New Years in Siem Reap


Apr 5, 2005
I went to Siem Reap with two Thai friends, Kuhn Prasit and Kuhn Woot, to celebrate New Years. We were all riding two-up. They had their wives and I had my gf. We were all riding BMW GS’s, two 1200’s and an 1100. We left BKK the morning of New Year ’s Eve at 7:30 AM and made Aranyaprathet in 2.5 hours. We stopped for lunch at a little Vietnamese place near the border and had a photo-opp with a gun toting Thai officer.


Crossing the border was relatively easy because the Thai’s were leading the way. I just stood in the background and let them do the talking. The first stop is at this building – where you get your temporary export papers.


The customs officer was struggling with the computerized vehicle registration system and Prasit’s wife said “I can use the computer real well”. With that said he left the booth so we could fill out the online forms and print off the “Simplified Customs Declaration Form”. Where else would a custom’s officer give you unfettered access to their computer system?


Anticipating heavy holiday border crossings we all went to the Cambodian embassy in BKK and got our visas in advance. In the end, the Cambodian immigration office was surprisingly empty and we probably could have gotten our visas there in less than 5 minutes.

Even though my Thai friends were taking the point for me, they still had to make two runs for photocopies. My advice? Take copies of your passport photo page, visa, stamp page, driver’s license, green book, and extra passport photos.

There was no mention of insurance anywhere; it appears that none is required. Nonetheless, before I left I called AON and arranged to have my first class coverage extended to Cambodia – 880 THB for up to a month in KH.

After we received our temporary export papers we rode to Thai passport control and parked the bikes next to the fence. We walked up like we were VIP and were shuffled to the front of the queue that was outside in the sun. It still took 30 minutes to get stamped out of TH. From there we went back outside and made a U-turn back to the little office that is just east of where you get stamped back into TH for the “Information of Conveyance” form. There was a helpful little Thai kid working there and we paid 20 or 30 baht for copies. Once we had these forms we went back to the bikes, stopped at the little guard shack and were given permission to leave TH.

On the Cambodian side, things were much simpler. Since we already had visas, I stayed behind with the bikes while the others went to get stamped in. Good thing I did because the 3 big bikes were like magnets for the dozen or more mocy taxi drivers who had their hands all over them.

Total time to cross border: just under 2 hours.

The road to Siem Reap can be broken up into three pieces. The total distance is 157 km. the first 50 km from Poipet to Sisophon is mostly sealed with potholes that could ding a rim if you’re not careful. There were stretches where you could get up to 100 kmh but they were few and far between. From Sisophon to Kralanh the road was dirt, red dirt, with lots of dust, red dust. 60 kmh was my max average speed for this stretch.

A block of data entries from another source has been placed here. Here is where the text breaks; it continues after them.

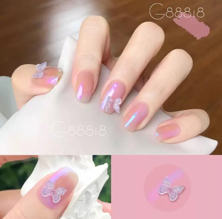如果你还觉得不够仙,就看看这款蝴蝶风美甲吧,蓝紫色极光,仙气飘飘,没有过多的装饰,但特别耐看!这款我真的太爱了!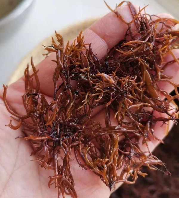 中文名叫海蘿,屬紅藻綱,內枝藻科,海蘿屬。俗稱鹿角菜、海底燕窩等。為一年生紅藻。藻體呈圓柱形,叉狀或不規則分枝,中空,紫紅色,樣子別致,宛如一朵朵紫紅色的小絨花。食用價值赤菜是一種神奇的美食。赤菜是比較常見的一種野菜,裡面含有蛋白質,粗脂肪以及粗纖維,並且含有人體所需要的多種氨基酸,不僅可以吃,同時還能起到一定的藥用價值,具有比較好的清熱解毒以及涼血的功效,同時還能用於增強自身的免疫力。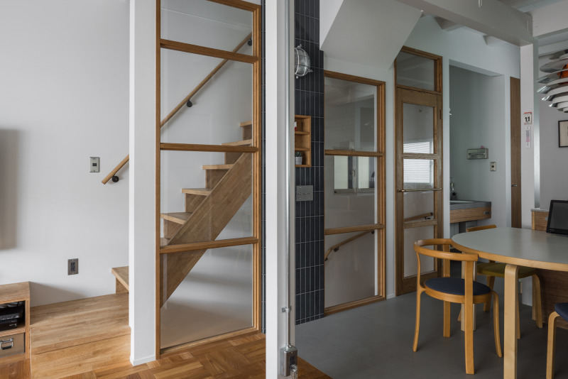 階段まわりはガラスとスケルトン階段で軽やかに。家族の気配が伝わる、抜けのあるデザインです。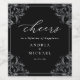 These elegant black and white wedding or rehearsal dinner wine bottle labels feature white printing on a black background. The word "Cheers" is in an elegant script and is surrounded by a classic vintage ornate frame corners design. It's perfect for a classy, sophisticated black wedding or rehearsal dinner. See all of the matching products in my collection below.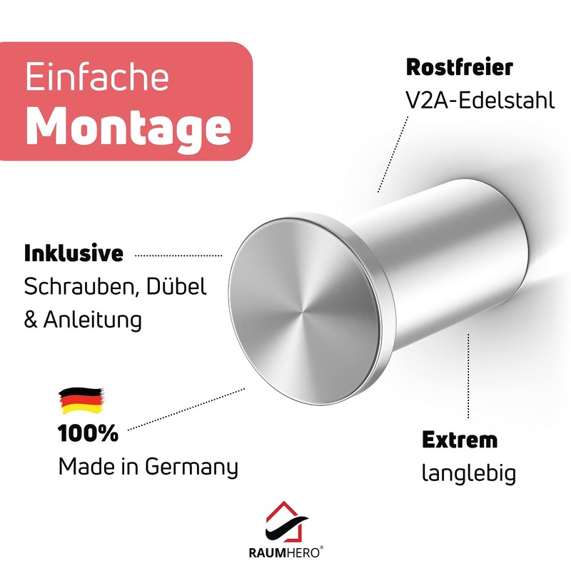 Raumhero® Coat Hooks (4 Pieces) – Coat Hooks Stainless Steel Towel Hooks for Drilling – 100% Made in Germany (Load Capacity up to 30 kg) – Extremely Versatile (Including Screws, Dowels & Instructions)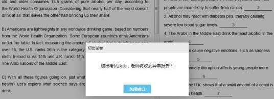 监测考生进入试卷之后,作答过程中未一直处于试卷页面中的用户操作行为。系统实时监控考生试卷页面切出操作,一旦发现系统将即刻警告考生,并发送异常行为报告至监考教师。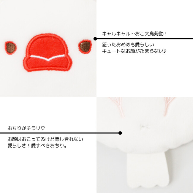 人気のおこ文鳥さんをイメージした表情に、ふっくらボディがキュートなデザインです♪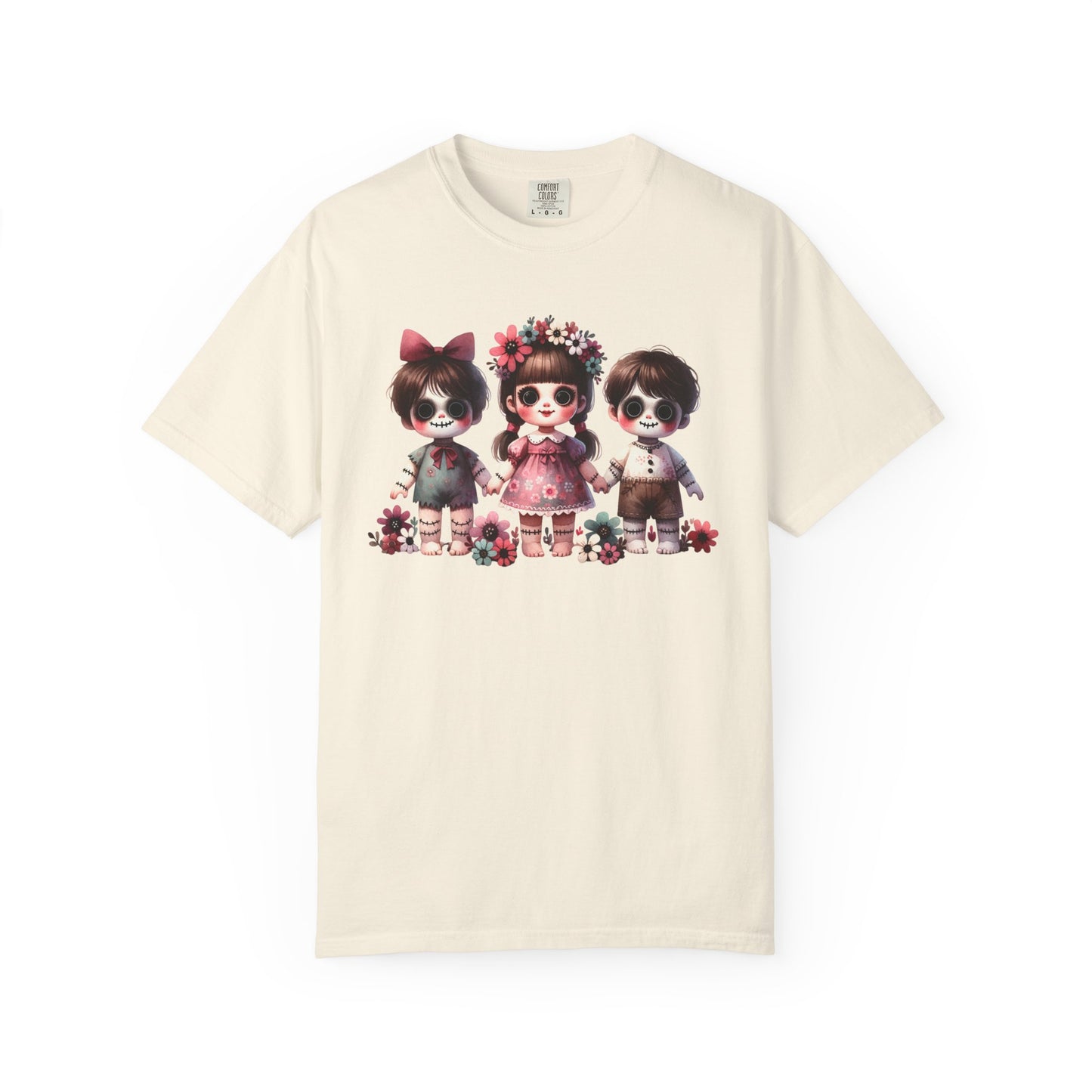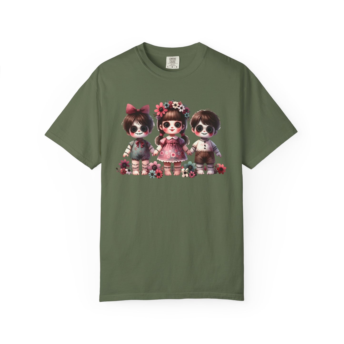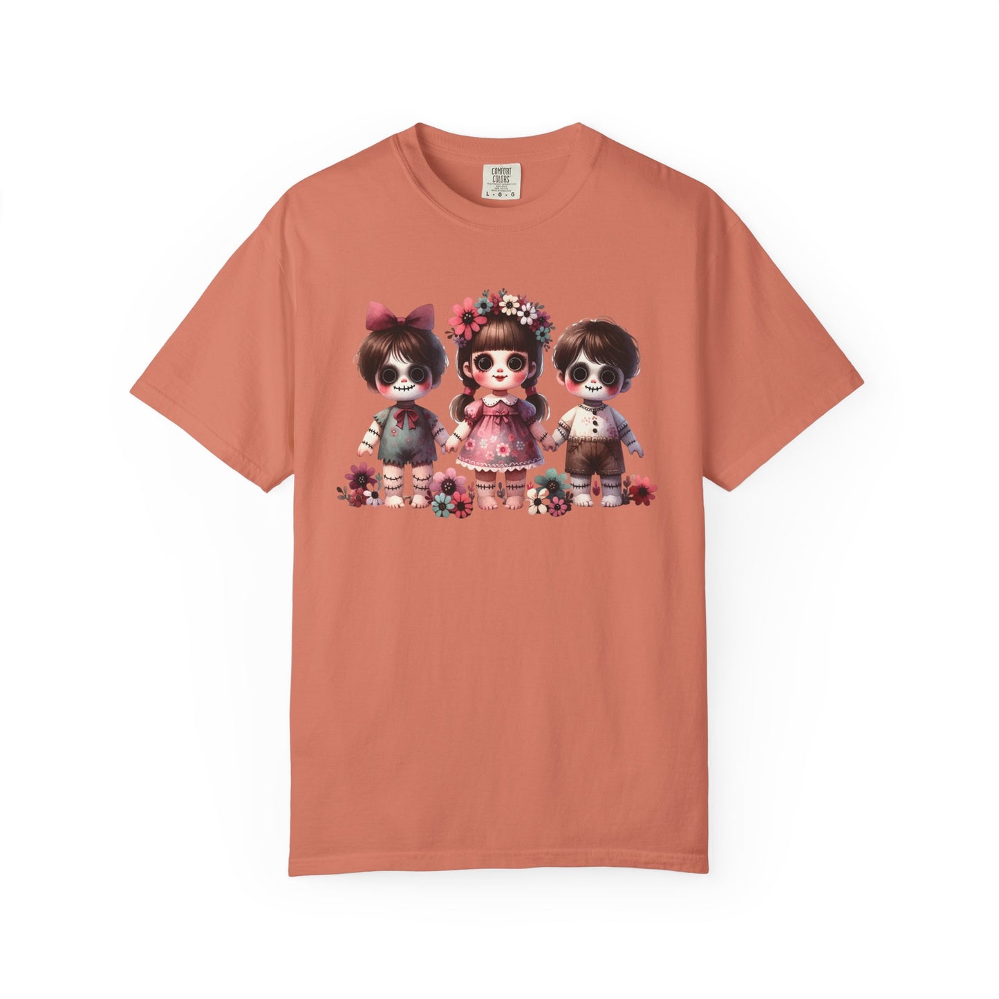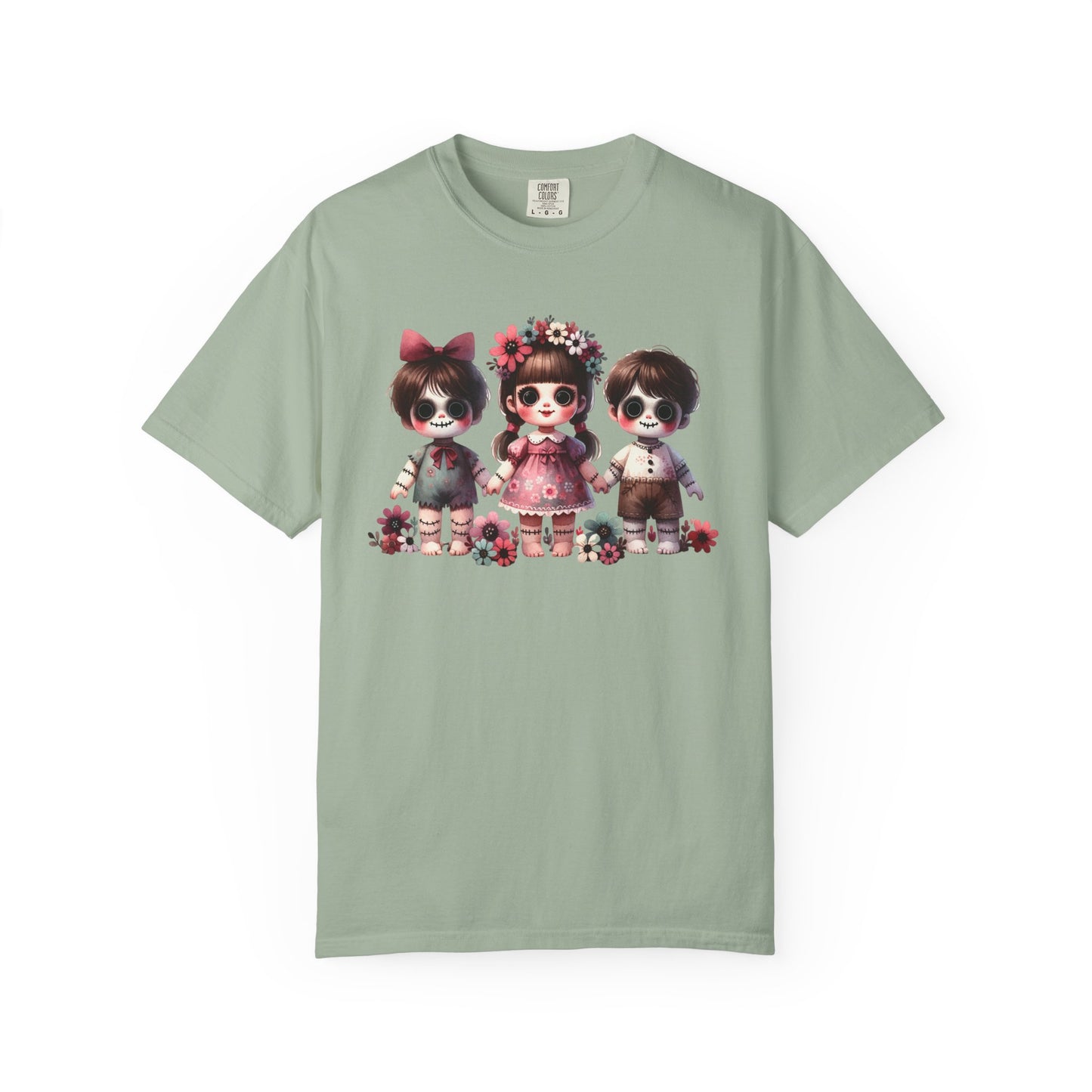 Creepy meets cute in the most stylish way 🖤🌸 This Comfort Colors tee features an original spooky doll trio design—three wide-eyed stitched dolls with sweet little outfits, bows, and floral crowns. The mix of eerie gothic charm and soft pastel florals makes it the perfect statement piece for anyone who loves “cute but spooky” style.

There are several bridges on this stretch, most were steel covered, many with holes you could easily lose your front tire in. The most dangerous part of riding this rode was when someone would overtake you. The horn is the universal KH overtaking signal, when you hear it you should move over. Check your mirrors and you can tell if you should move to the left or the right. After being overtaken, there was often 10-15 seconds where you just couldn’t see the road surface because of the dust. I took it all in stride until I almost lost my passenger when I hit a big bump in the road with 25 meters of really soft dirt after it. She didn’t fall off and we all had a good laugh.


There was some interesting demining activity going on. This photo doesn’t show any sweeping but there really were sweepers right next to the road.


From Kralanh to Siem Reap is 25 km of dirt (like the previous section) and the last 25 km are sealed with only occasional pot holes.

Once in Siem Reap we left the bikes parked. You can ride them to the Angkor area but you can’t take them inside. For $20/day you can hire a tuk tuk to take you everywhere you want to go.

Stopping for a Buddhist funeral.


Photo of Khmer kids playing snooker on the side of the road.


Cute little Khmer kids. It seemed like everywhere we went there were naked little Khmer kids running from their homes waving and yelling “hello!”


There is a small temple of the way to Angkor that chronicles Pol Pot’s heyday. This kind of thing makes me so damned angry. There were smaller chedi’s with children’s remains in them and a small story board the showed how they would turn the kids loose and tell them that if they ran fast enough they might not get shot.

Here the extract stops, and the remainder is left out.